• _GOAL OF THE EXERCISE_:
The entries that follow include a run beginning at the line with "When a press" and ending at the line with "Tougher Minds have"; restate that run word for word and leave the rest out.

• _MATERIALS PROVIDED_:
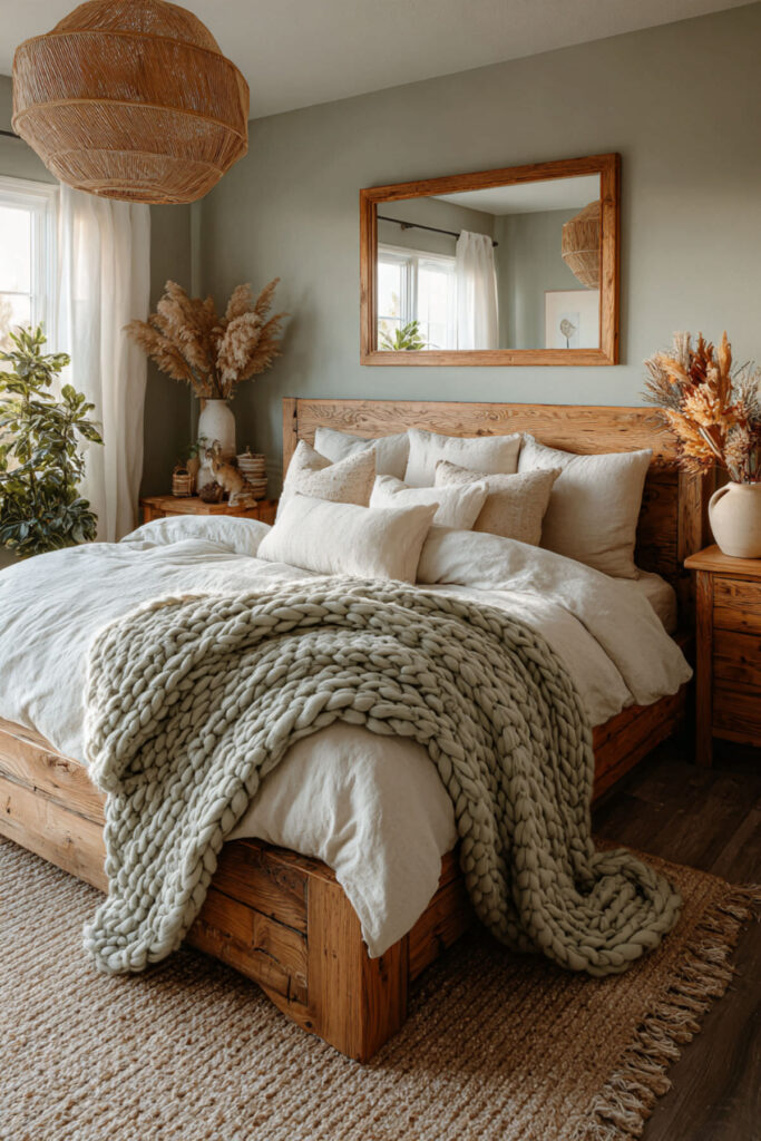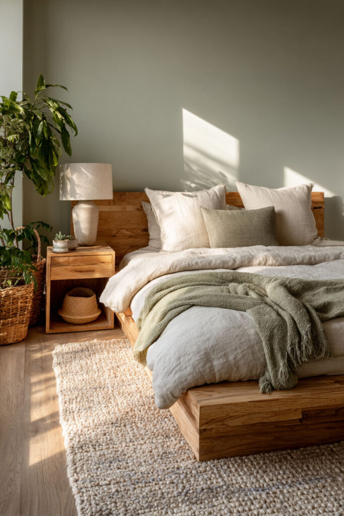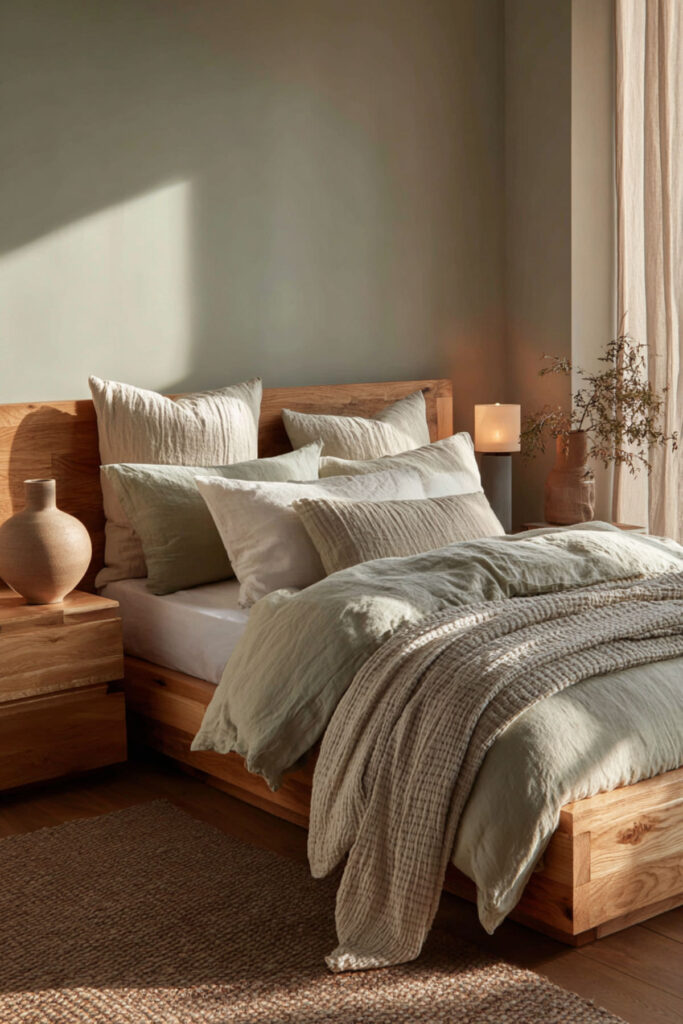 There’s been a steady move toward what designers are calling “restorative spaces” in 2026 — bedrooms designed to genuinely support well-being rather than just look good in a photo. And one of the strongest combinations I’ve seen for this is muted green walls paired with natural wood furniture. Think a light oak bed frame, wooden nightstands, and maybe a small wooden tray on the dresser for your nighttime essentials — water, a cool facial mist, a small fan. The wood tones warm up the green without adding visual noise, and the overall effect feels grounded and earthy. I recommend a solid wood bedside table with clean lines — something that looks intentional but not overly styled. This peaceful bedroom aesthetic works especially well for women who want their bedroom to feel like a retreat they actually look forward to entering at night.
--
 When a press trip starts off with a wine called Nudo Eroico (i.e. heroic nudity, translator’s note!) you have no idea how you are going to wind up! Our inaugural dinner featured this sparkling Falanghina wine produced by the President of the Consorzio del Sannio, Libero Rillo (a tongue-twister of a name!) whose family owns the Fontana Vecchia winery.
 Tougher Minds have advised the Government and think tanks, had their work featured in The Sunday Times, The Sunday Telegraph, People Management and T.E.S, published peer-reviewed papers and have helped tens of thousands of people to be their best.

• _RESULT_:
 When a press trip starts off with a wine called Nudo Eroico (i.e. heroic nudity, translator’s note!) you have no idea how you are going to wind up! Our inaugural dinner featured this sparkling Falanghina wine produced by the President of the Consorzio del Sannio, Libero Rillo (a tongue-twister of a name!) whose family owns the Fontana Vecchia winery.
 Tougher Minds have advised the Government and think tanks, had their work featured in The Sunday Times, The Sunday Telegraph, People Management and T.E.S, published peer-reviewed papers and have helped tens of thousands of people to be their best.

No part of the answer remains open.